Titles & Land Transfers

Lands Manager: Vacant

The Lands Office is located at 183 Nawishaskin Lane, in the Natural Resources building, immediately west of the Band Office.


There are only two types of ownership, or titles that Aboriginal Affairs and Northern Development Canada (AANDC) recognizes.  They are ‘Allotment’ and ‘Certificate of Possession’ (CP).  They are only valid after the Minister approves them.  You have to have an Allotment approved by Band Council Resolution (BCR) in order to apply for a CP.  A Member can get an Allotment only if they have a valid and approved claim to that parcel of land.

Note: Under a Land Code that is voted on and approved by the Membership, the Band, if it wishes, may expand the formal types of ownership for Members to include ‘Allocation’ and ‘Traditionally-Held Lands’.

An Allocation is where the Band gives or sells a parcel of property to a Member likely for a home lot in which that Member has no prior right of claim to a parcel of land.  This method gives every Member an opportunity to own a parcel of reserve land.  Rocky Pines is an example of this type of ownership.

Traditionally-Held land means a parcel of land in which a family can prove the land has been actively used by their family over generations and further, the Community and Council recognizes and approves their claim.  Each family may have different methods of managing how that land is kept within the family and passed down to younger generations.

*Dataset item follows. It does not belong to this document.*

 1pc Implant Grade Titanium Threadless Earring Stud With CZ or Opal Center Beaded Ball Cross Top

(An LNIB Land Code would give the Members greater flexibility in types of ownership it chooses.)

Land Transfers

Many decades ago, land was transferred perhaps by a handshake maybe with a witness on hand.  Today, in order for a transfer to be valid, it must be prepared by the Lands Dept. together with a Bill of Sale noting the exact legal description, date of sale, and who the Purchaser and Seller are. Most importantly, the Seller must show valid proof of ownership of the land.

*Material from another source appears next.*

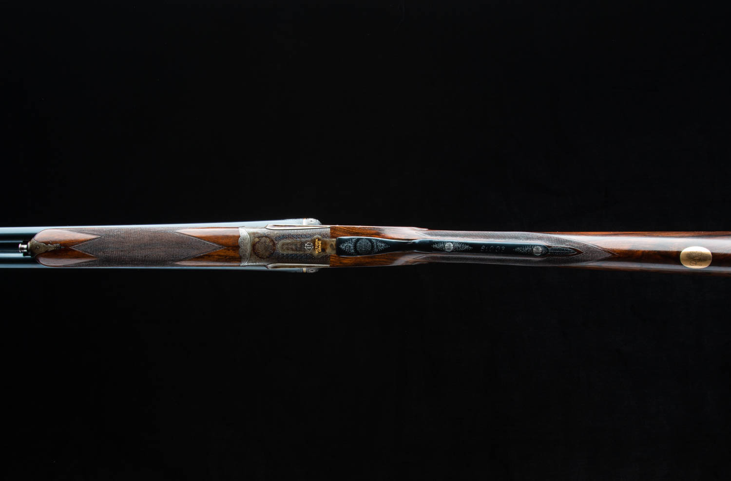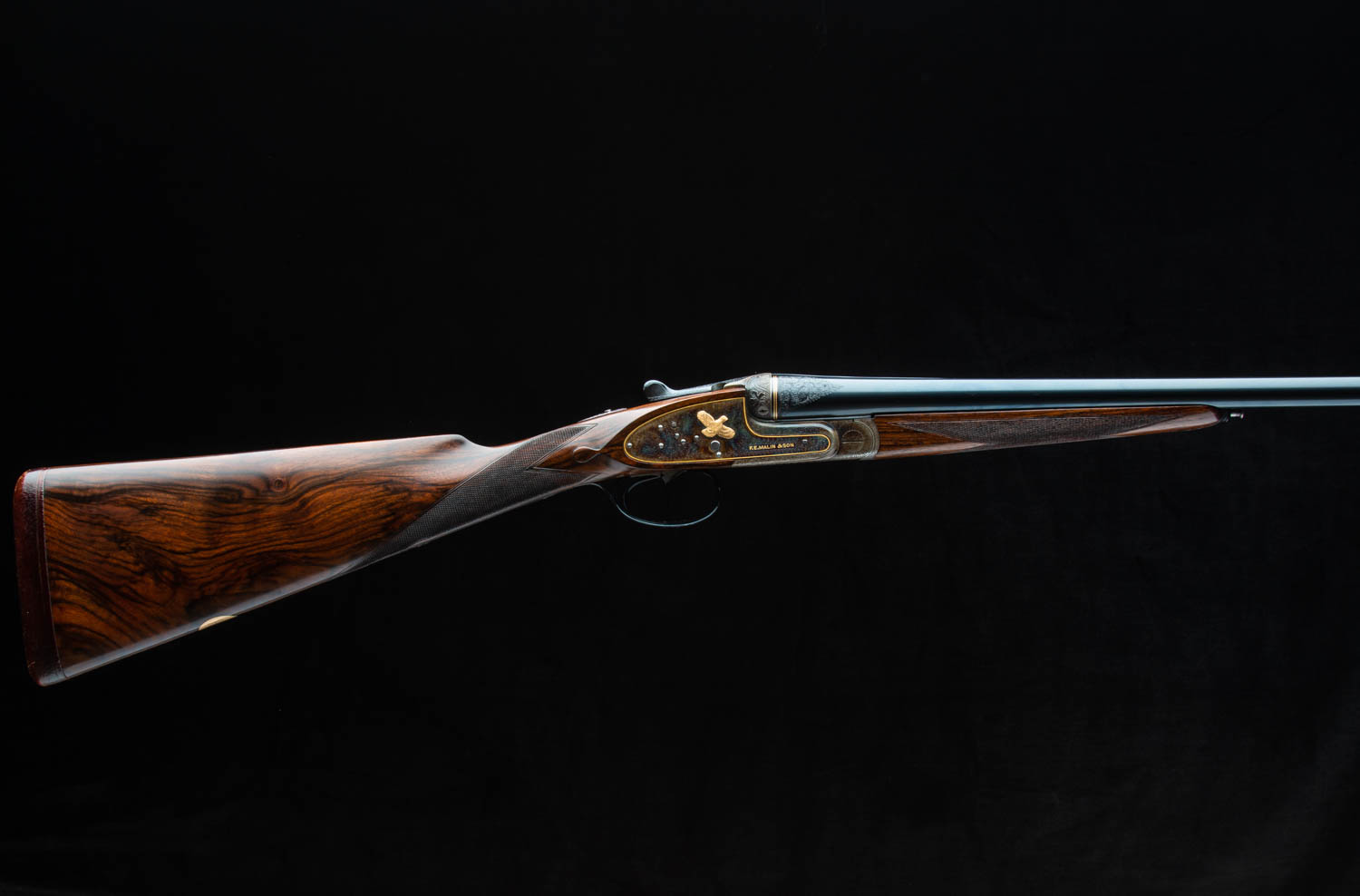 Sideplates and action body are engraved in traditional small scroll with a gold inlaid flushing woodcock on the left lock and a flying quail on the right lock. Fences are carved with maple leaves (canadian maker). The bottom of the action has "Victoria Grade" inlaid in gold as is the word "SAFE" in the appropriate place.

There are two types of transfers: ‘Transfer of Land by a Personal Representative’ and’ Transfer of Land in an Indian Reserve’. The first is a transfer of land in an estate to an heir as noted in a Will of the deceased.  The second is a transfer of land under the Indian Act from a Member who has a CP or an approved Allotment.

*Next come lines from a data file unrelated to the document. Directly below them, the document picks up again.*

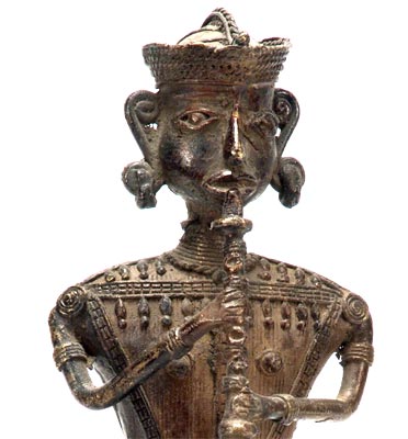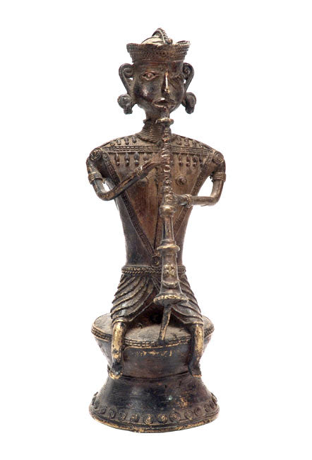 The tribal musician is playing a local musical instrument and is shown in a casual mood by the sculptor. The beautiful figure of bell metal has been crafted in the traditional ‘dhokra’ method and it reflects the refinement of the sculptural technique. Dhokra method of crafting tribal statues has been in use among the tribal people of Central and North India. Here the tedious lost wax method has been used.
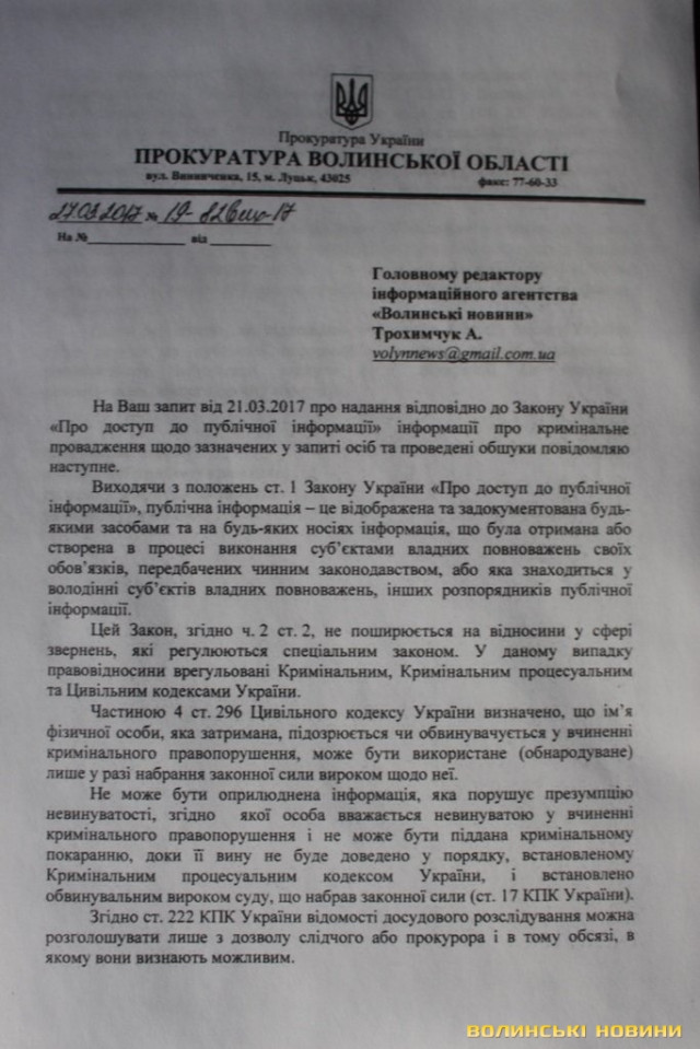 На інформаційний запит Інформаційного агентства Волинські Новини у прокуратурі не змогли відповісти, яким установам, організаціям та підприємствам вищезгадані бізнесмени постачали неякісні продукти та, на яку суму продали підробленої продукції.
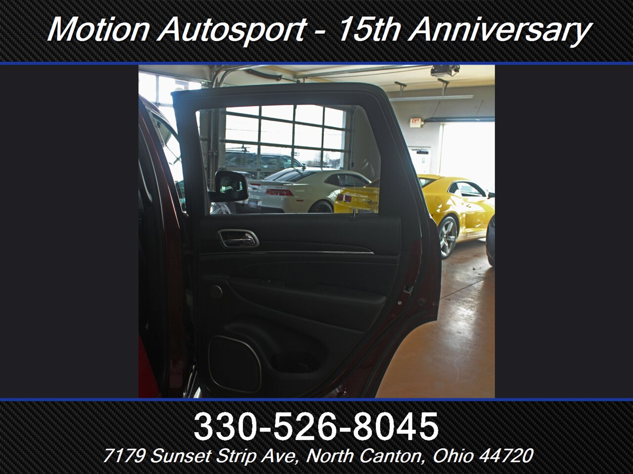 2017 Jeep Grand Cherokee Summit — Velvet Red Pearl Coat exterior with a Black interior. This top-tier Summit combines refined luxury with genuine capability: powered by the HEMI 5.7L V8 producing 360 hp and 390 ft-lbs of torque, paired with an 8-speed automatic transmission and full-time 4x4, this Grand Cherokee delivers strong, confident performance for towing, highway cruising and everyday driving.
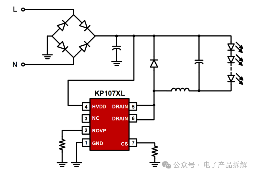 这两个SOP-7封装的芯片,丝印KP1070LSP,型号是KP107XL。该芯片的功能是:非隔离、降压型准谐振LED功率开关。主要的应用场景就是大功率LED照明。下面是简单的原理图。
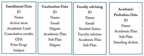 To provide sustainable, multisectoral, accessible, affordable, reimbursable, and tailored solutions for evidence-based academic management, several disparate data sources were recorded. These included student enrollment data, graduation data, academic probation data, and international student data. The goal was to integrate key data fields across all these different data sources in a format that is readily analyzable, useable, and can provide accessible and meaningful information to address the needs of the diverse stakeholders. Each data set had a unique set of variables that were essential and could generate meaningful insights (Figure 4). The unique ID across these various datasets was EMP ID and email address.
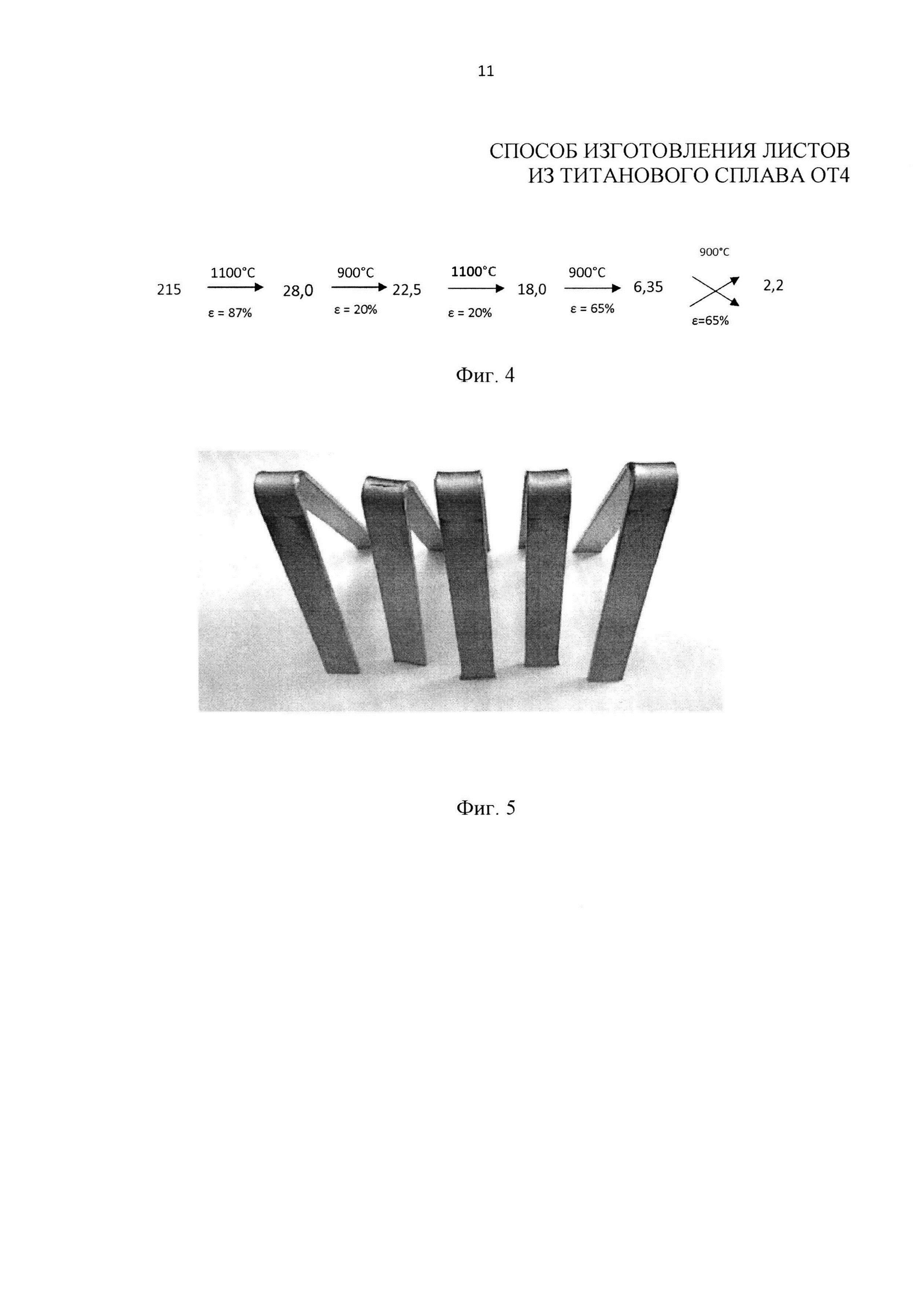 Изобретение относится к области металлургии, а именно к изготовлению листов из титанового сплава ОТ4, и может быть использовано для получения изделий сложной конфигурации глубокой вытяжкой и штамповкой. Способ изготовления листов из титанового сплава ОТ4 включает деформацию слитка в сляб, механическую обработку сляба, многоэтапную прокатку сляба на подкат, резку подката на листовые заготовки, их сборку в пакет, прокатку листовых заготовок в листы в составе пакета и адъюстажные операции листов после пакетной прокатки. Слиток деформируют в сляб в два этапа, при этом на первом этапе в β-области в интервале температур выше температуры полиморфного превращения (ТПП) на 150-250°C с суммарной степенью деформации 30-80%, а на втором этапе в (α+β)-области в интервале температур ниже ТПП на 30-50°C с суммарной степенью деформации 20-50%, многоэтапную прокатку сляба на подкат осуществляют последовательно в четыре этапа, при этом на первом этапе в β-области в интервале температур выше ТПП на 90-160°C с суммарной степенью деформации 30-90%, на втором этапе в (α+β)-области в интервале температур ниже ТПП на 30-70°C с суммарной степенью деформации 15-40%, на третьем этапе в β-области в интервале температур выше ТПП на 90-160°C с суммарной степенью деформации 15-25% и на четвертом этапе в (α+β)-области в интервале температур ниже ТПП на 30-70°C с суммарной степенью деформации 40-70%, разрезают подкат на листовые заготовки, собирают их в пакет, укладывают с обеспечением перпендикулярности предыдущей прокатки листовой заготовки к направлению последующей прокатки листовой заготовки и прокатывают пакет на готовый размер в интервале температур ниже ТПП на 30-70°C с суммарной степенью деформации 40-70%. Полученные листы имеют высокие значения пластичности, низкую анизотропию механических свойств. 5 ил., 3 табл.

Note: Under a Land Code both of process will take place a lot faster than the many months processing the same documents through AANDC.  In addition, under Land Code, the Band will have its own Land Registry Dept. where Members will be able to do property searches online with web-based mapping.  All documents, transfers, leases, permits, easements will be time-stamped and registered on the LNIB Registry.  This information is then uploaded to the First Nation Land Registry.